While we can worship and pray anywhere, this will not happen unless there is at least somewhere! (Just like human love!) Our church buildings provide that place and that focus for realising the presence of God within the life of everyday. So, at home, that favourite armchair, that corner, that picture, that lighted candle, that five, ten, twenty minutes (or whatever) can be our “church places and times” when we are on our own.
Just like a good square meal, worship and prayer ought to have all the best ingredients!
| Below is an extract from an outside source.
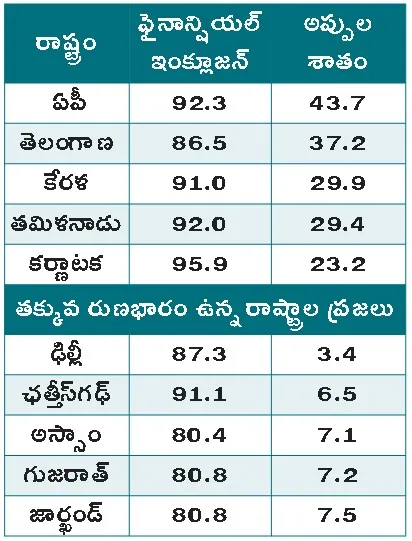 ఏపీలో 43.7శాతం మంది అప్పుల్లో ఉన్నారని ఈ నివేదిక ద్వారా వెల్లడైంది. ఇక కర్ణాటకలో 15 ఏళ్లకు పైబడిన జనాభాలో బ్యాంకింగ్ వ్యవస్థకు అనుసంధానంకాగా ఫైనాన్షియల్ ఇంక్లూ జన్ 95.9శాతం మందితో మొదటిస్థానంలో నిలవగా.. 92.3శాతం మందితో ఏపీ రెండో స్థానాన్ని దక్కిచ్చుకున్నది. అయినా కూడా కర్ణాటక రాష్ట్రంలో కేవలం 23.2శాతం మంది మాత్రమే అప్పుల్లో ఉండగా.. తెలంగాణలో 86.5శాతం మంది ఫైనాన్షియల్ ఇన్క్లూజన్(ఆర్థిక చేరిక) పరిధిలో ఉన్నారు. ఫైనాన్షియల్ ఇన్క్లూజన్లో తెలంగాణ 14వ స్థానంలో నిలిచింది.

Thinking of the young Isaiah’s experience (Isaiah chapter 6) there will be that sense of wonder and thanksgiving “Holy, holy, holy….” Leading to that sense of unworthiness and sin, “Woe is me….” (Not the other way round - God first, ourselves second). Then we shall have that realisation of God’s love, acceptance and forgiveness as we realise that (following the well-known hymn) “I nothing lack if I am His and He is mine for ever”. It will be out of such realisation and joy of forgiveness that reflection and resolution may well come – that letter to write, (or e-mail to send!), that apology to offer, that forgiving word, that news-item to understand, that journey to make, that donation to give, even that time to give to prayer itself as we begin to see the world, our family and community and ourselves as God sees us and them. No wonder that it has been said that those who pray the most do the most. It may well be that amid all the aches and pains of life, a bit more consciously “lingering and loitering” in the presence of God – either in Church or at home – may lead not only to deeper meditation and contemplation, but to more positive and purposeful living. In any event, if we can somehow see that “THY will be done….” is a more satisfying outcome rather than “MY will be done…..” Although we might be beset by the many aches and pains of life, God’s life can then come more and more into our own.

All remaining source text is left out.